■ Given data ■
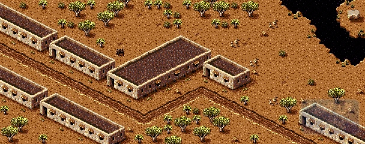 Mission info: This, on the other hand, was pretty mean, but I like it. As soon as the level starts, a huge flock of birds (hence the title) fly directly overhead, distracting the player from the rather more pressing matter of a massive tank just a few yards down a narrow street from the troopers. Yep, it's another "panic" level, and if the troopers aren't off the mark very quickly to collect the crate of rockets near the tank, they'll be wiped out in a blink. Not being completely heartless, I made the player's squad comprise only two troopers, so that lives wouldn't be lost due to the "trail" effect (since there was no time for the player to split off a sub-squad). The rockets are actually useless for taking out the tank (they're only for destroying the generator doors), but there's a player turret (making its first appearance in CF2) to the top right corner of the level that'll do the job nicely. Failing that, it's not too tough to get the tank to blow itself up in such a confined space.
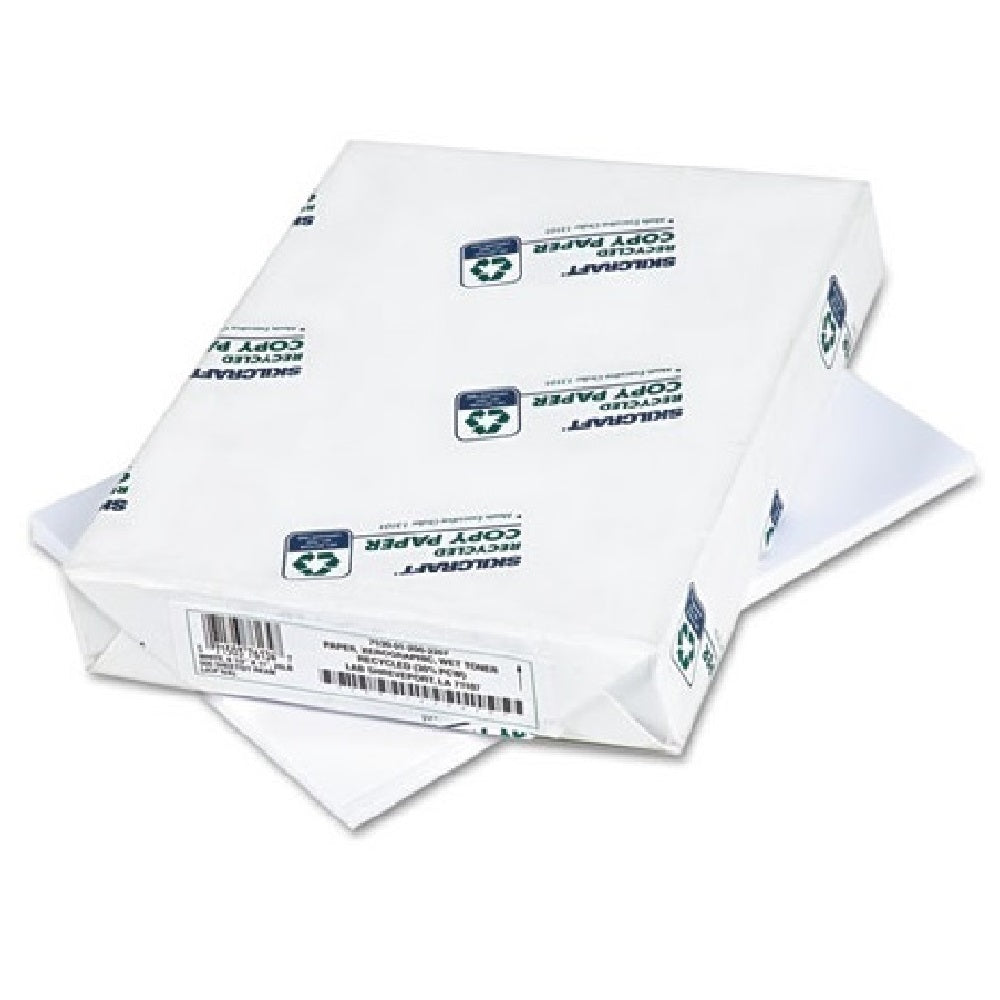 This paper is acid-free and suitable for archival use in wet toner processing. It has a 92+ brightness and is made from 30% post-consumer recycled materials. The paper is 20-lb and white in color, measuring 8-1/2" W x 11" L. It meets Executive Orders 13514 and 13423.
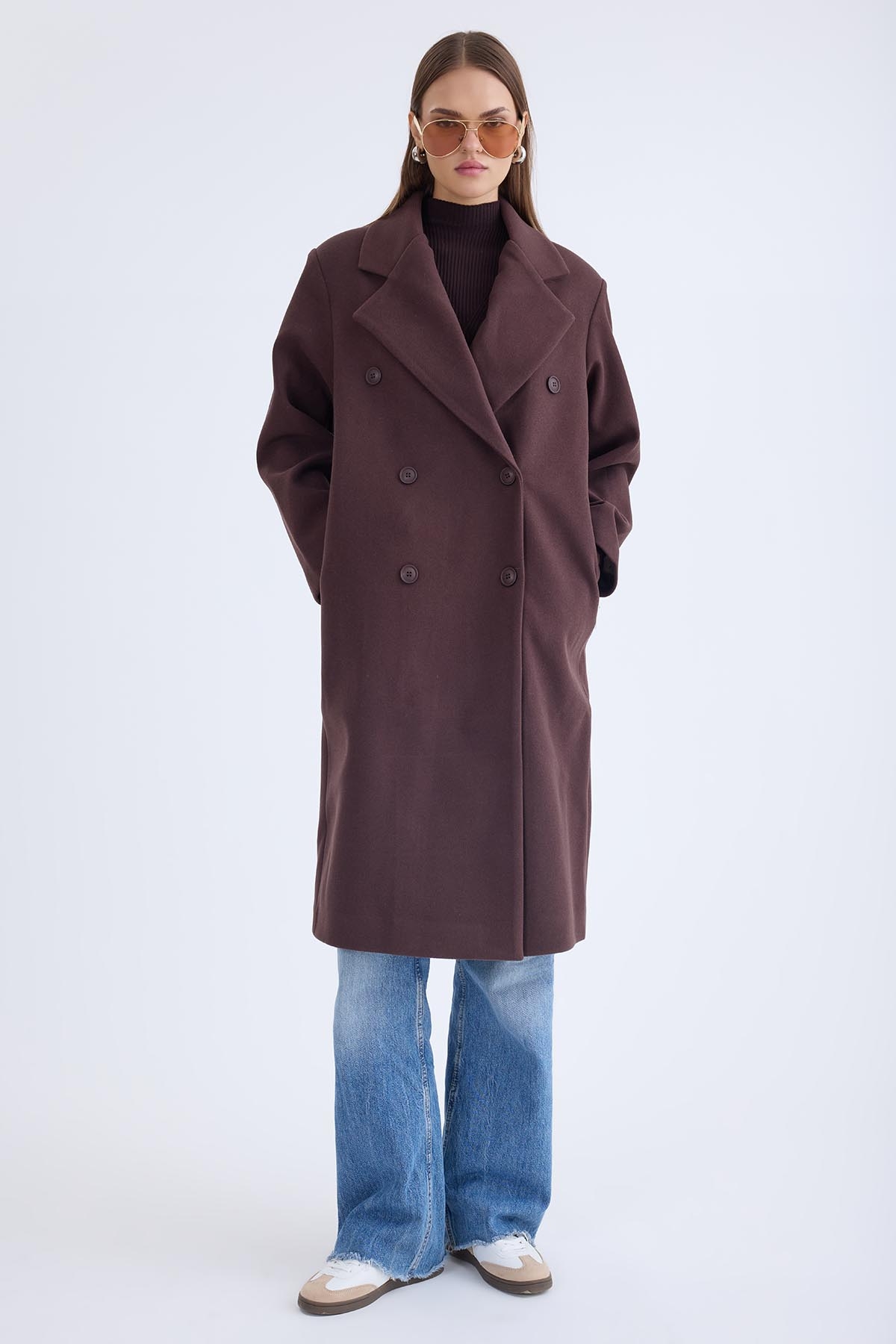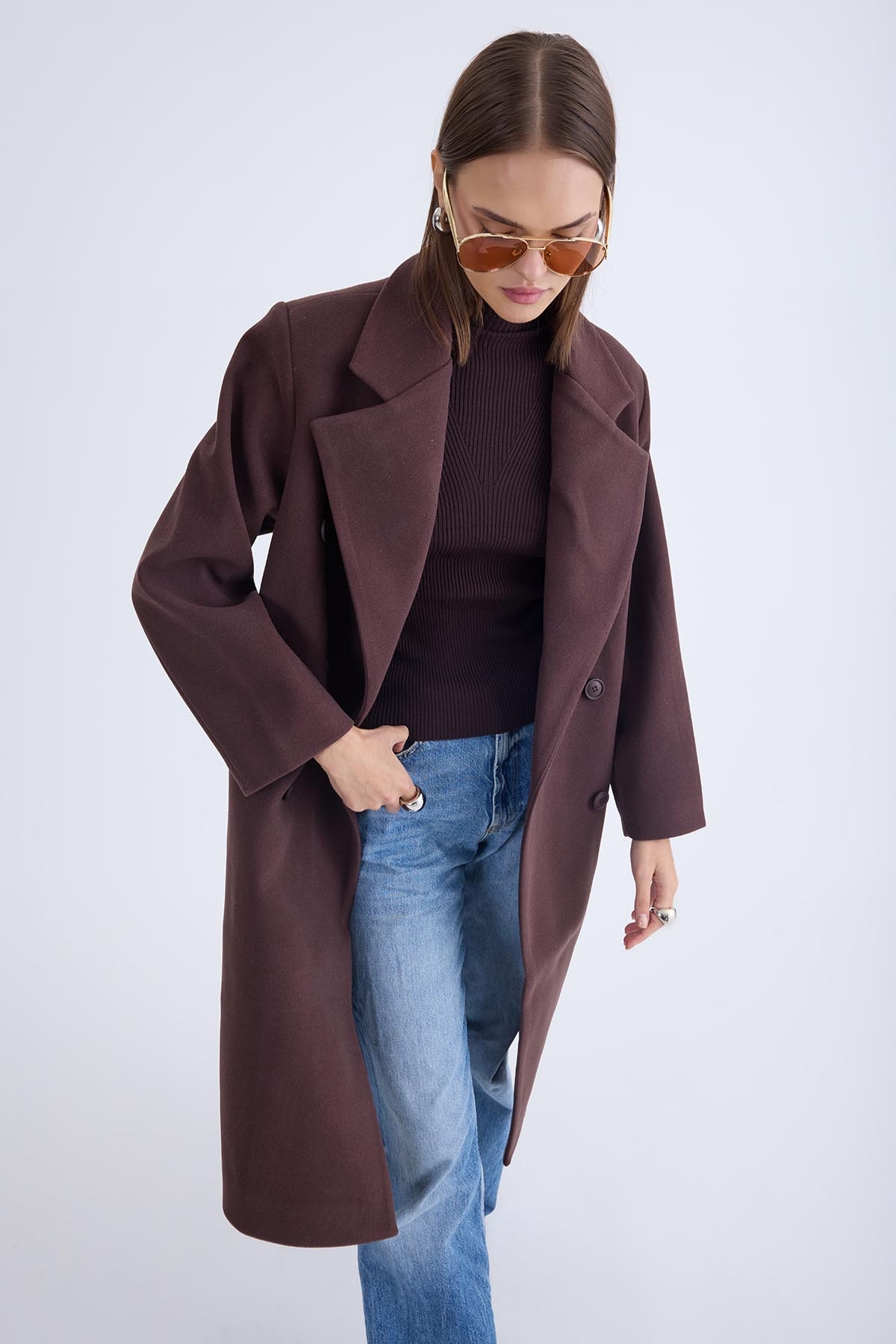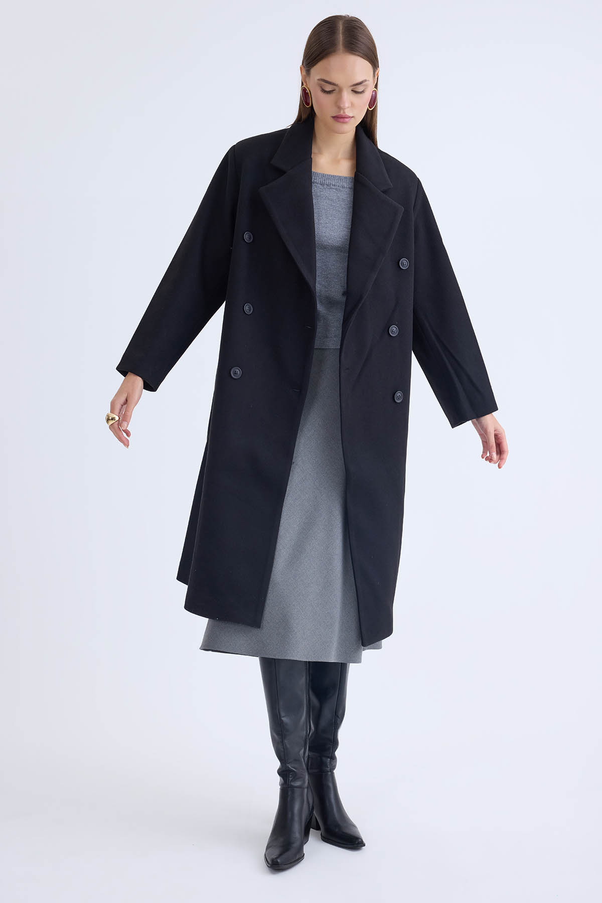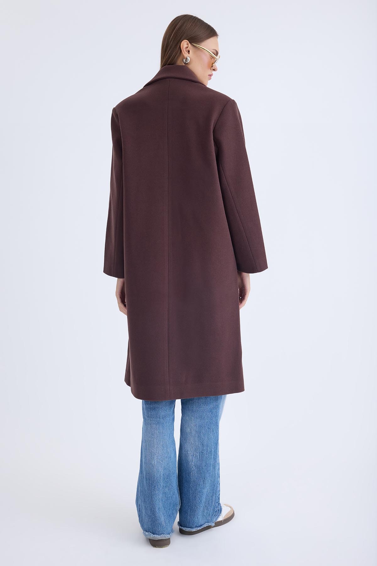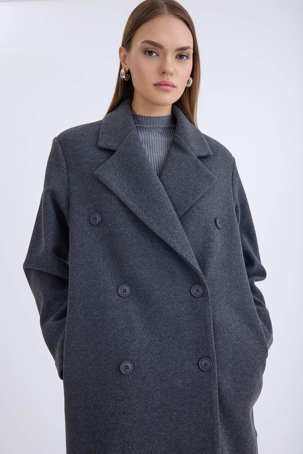 Düğmeli Uzun Kaşe Kaban

■ What this task involves ■
Find the line containing "This paper is" and copy it and each line after it through the end of the material, exactly, with no pictures.

■ Completed task ■
 This paper is acid-free and suitable for archival use in wet toner processing. It has a 92+ brightness and is made from 30% post-consumer recycled materials. The paper is 20-lb and white in color, measuring 8-1/2" W x 11" L. It meets Executive Orders 13514 and 13423.
 Düğmeli Uzun Kaşe Kaban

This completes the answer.